Abstract – The sight impaired face a slew of challenges when it comes to getting around. The only options they have are a draconian era walking staff and a guiding dog, both of which have severe drawbacks. The downsides of using a walking stick include the fact that it is unwieldy and does not allow the user to move around with much fluidity. It also becomes a hindrance when the roads the user is travelling on are unevenly laid out and have cracks and potholes, among other things. The guide dogs on the other hand are expensive and difficult to maintain. As a result, we want to provide a cost-effective and intelligent solution to this problem by offering A-eye,' a wearable smart glass. For the blind in contemporary culture, this is a convenient, cost-effective, and technologically advanced choice. In a nutshell, the A-eye' smart glasses will have a camera mounted on the device's frame that will continuously watch items in front of the user, as well as an IR sensor to determine the distance between the object and the user. These observations will be turned to voice to allow the user to move around with more ease.
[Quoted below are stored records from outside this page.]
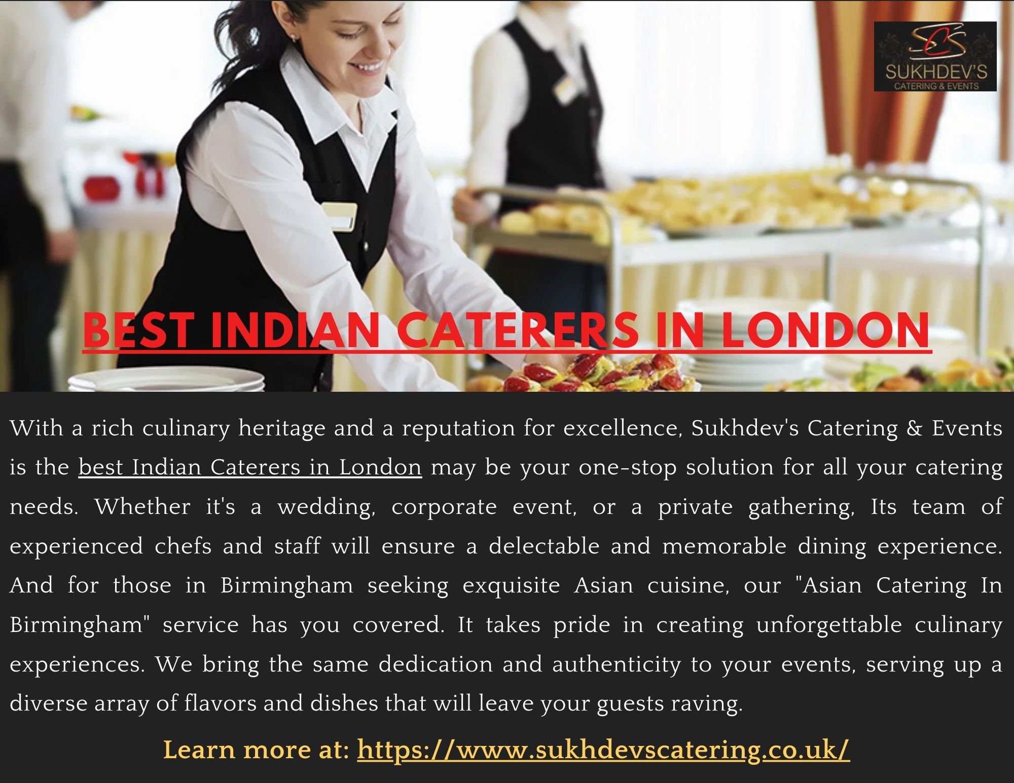 | Descripción | Sukhdev's Catering & Events stands as one of the Best Indian Caterers in London, renowned for authentic and flavorful Indian cuisine that brings elegance to every event. Offering a wide range of Indian Catering Services, Sukhdev's specializes in curating customized menus that blend traditional and contemporary flavors, ensuring every dish delights guests with exceptional taste and presentation.... |
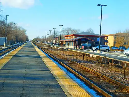Edison Park station in January 2016. The new depot is visible on the right. | ||||||||||||||||||||||||||||||||||||||||||||||||||||||||||||||||||||||
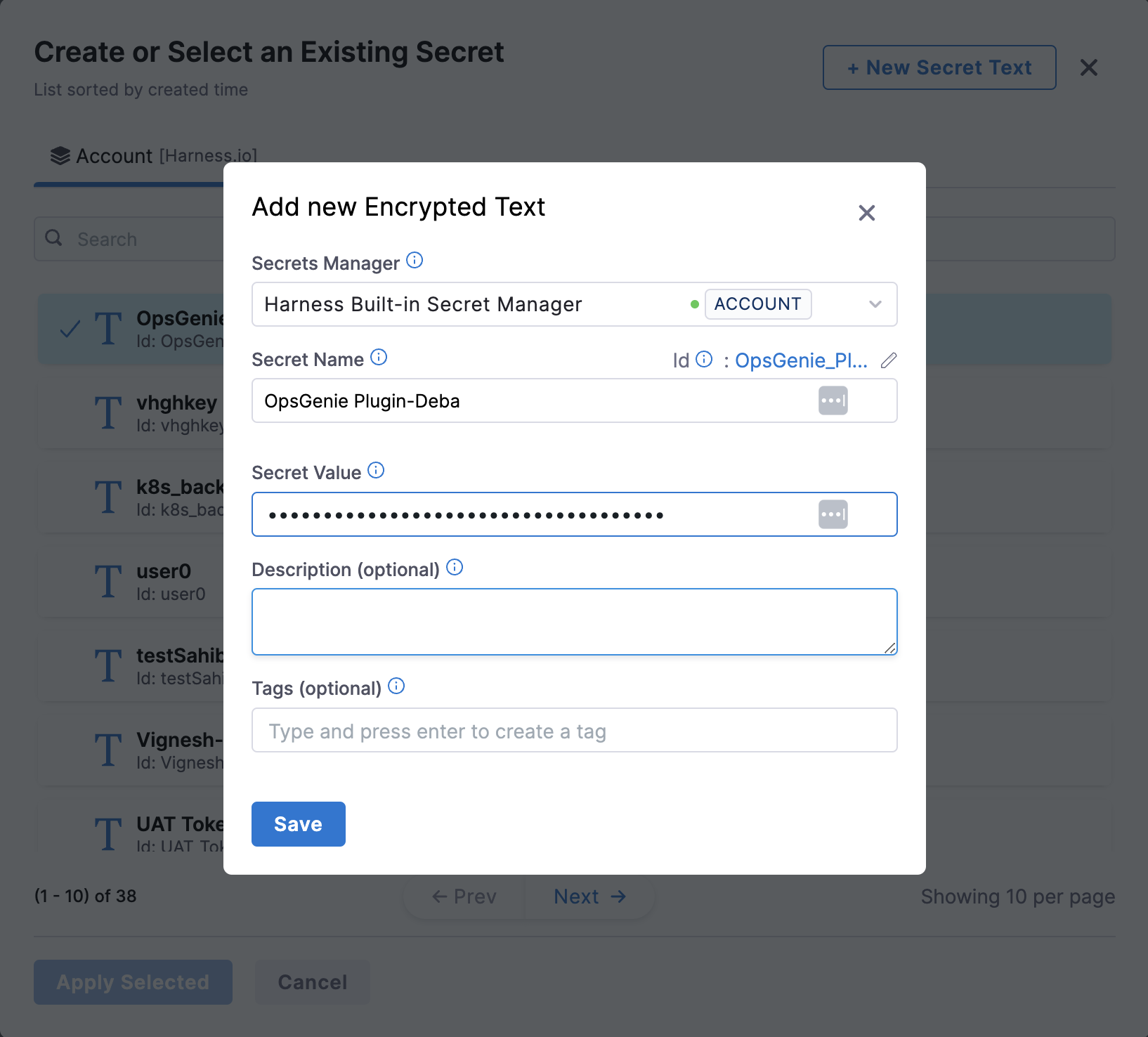 - Create secret in Harness to store API token, click on “New Secret Text” and enter values as shown below.

Keywords- AEye, Blind, Ultrasonic sensors, ESP32 CAM, Object Detection, Single Shot Detector (SSD)


    Currently, in India alone, there are approximately 12 million blind people which constitutes around 33% of the worlds entire population. Moreover, this is increasing by the day. Blind people go through many restrictions to their movement, and the only assistant device they have been using is a walking stick. The walking stick compared to the modern age of science is critically draconian. While there are guide dogs, but their problem is the fact that they have a lot of monetary requirements in the form of day-to-day maintenance, including the cost to acquire making them expensive. The walking stick also is presented with its own set of problems. They are not helping the blind section of society to keep their movements as fluid as we hope they would. Furthermore, if encountered with any uneven surface or any cracks on the surface the user is moving on, there might be physical risks involved with using a walking stick. Hence, we have designed a piece of equipment that is lightweight, affordable, and also relieves the user of using a walking stick. With the help of AI and object detection, we have produced the product- AEye- shades to aid the blind. This equipment is user-friendly and light, making it extremely easy to wear and use. This wearable equipment is in the form of any other glasses available in the market. However, the uniqueness of this product is the fact that it is equipped with a camera that continuously monitors objects in front of the user. It is also equipped with two ultrasonic sensors on either side of the face to obtain an accurate

    reading of the distance of the objects. The equipment is connected to a processor which computes all the values and hence provides the observations in an audio format to the user or wearer. The foundation of our project is that of object detection- a technique that allows computers to identify defined objects within an image pulled from a live feed. Bounding boxes are made around the detected objects through the output from the deep learning model concocted on the processor. The project is affordable, hassle-free, and counters all the disadvantages of the walking stick.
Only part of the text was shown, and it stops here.